The major advantage the Social Bookmarking system Raw Sugar has over del.icio.us right now is the hierarchical organisation of tags. To capitalize on that I'd like to see Raw Sugar supplying those hierarchies in OPML format with the accumulative Tag feeds at each node level.
To explain what I mean I've manually built this hierarchy -
Internet -> Software -> Programming -> Ruby -> Ruby on Rails
And you can graze it at Grazr.com or Optimal Browser.com. At each level we see an indication of the number of feed items corresponding to the tag. For instance, at the top level Internet has 56,984 pages of results, Software has 10,082, Programming has 5,199 and so on.
What we can see is that as we drill down through the hierarchy we are progressively filtering the volume of items as we zero in on our specific area of interest. Optimal is probably the better of the two grazers for this purpose right now but what we really need is live feed updates a la LiveMarks. Imagine seeing new feed items popping into view in real time as you continually drill down.

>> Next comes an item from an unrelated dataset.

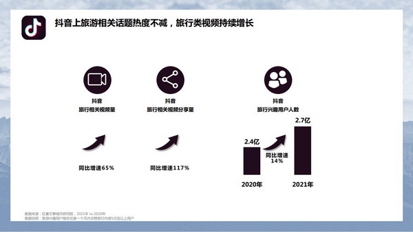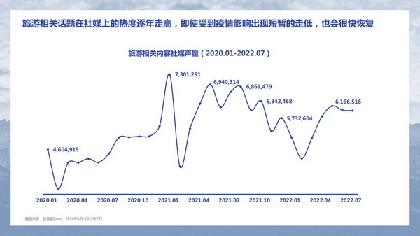 在抖音發(fā)布的《2022中國數(shù)字旅游地圖研究報告》中顯示,旅游相關(guān)話題在社交媒體上的熱度逐年升高。

That may not seem like a big deal right now while Social Bookmarking is young and Raw Sugar still doesn't have a critical mass of users. But look to the future and imagine the potential. Think of how we could use a similar method to progressively filter our news feeds -
World -> Europe -> Ireland -> Dublin -> Finglas
Remember those scenes in The Matrix where only the trained observers could interpret the trickling green glyphs against the black monitor background? Only experience allowed them to see the signal as they progressively filtered out the surrounding noise. As we move to an RSS-everywhere, bogjectified world we'll increasingly require our software to provide a similar means of making sense of the real world, in real time.
Hi there. It's a few months I'm talking about the evolution of folksonomies with smart guys like David Weinberger, Frank Smadja, Peter Van Dick.
My starting concern was that actual tag clouds usability is really really low mainly because the increasing size of tags introduced in the system makes difficult for users to extract a mental model out of a cloud.
My suggestions was:
- using faceted tags (meefedia docet)
- using hierarchical tagging (rawsugar docet here)
- using ajax and a wiki approach to build the hierarchy
These strategies can be leveraged at the same time to add a structure to the actual tagging.
The main benefits:
- improving tag clouds browsability and scalabilty
- improving serendipity
- disambiguating tags' meaning
Of course the same approach should be introduced in OPML.
More on my post 'Folksonomies 2.0 - The Chaotic Order'
http://www.infospaces.it/wordpress/topics/information-architecture/74
Posted by: Emanuele Quintarelli | March 21, 2006 at 02:55 PM
James, thanks of course for the kind words. I have a question about the grazing software for you: Using either of the linked application, when I drill down only ten items are visible with no page down or more link to get further in the list. Am I missing something (using FF 1.5)?
Posted by: Bill Lazar | March 21, 2006 at 05:21 PM
Bill, that's whole idea of grazing the World *Live* Web (Doc Searls' terminology) or the Feedosphere. The live web is not an archive like the plain old World Wide Web - its what's happening in the here and now. Just as we walk around in the real world and expose our senses to what's happening in the moment, not what happened in the past. Its a new interface for a new web - the live web.
Feed Grazing is about being able to zero into the latest items in a feed flow, grazing them, and moving on. No subscription, no aggregation, just uncommitted quick access.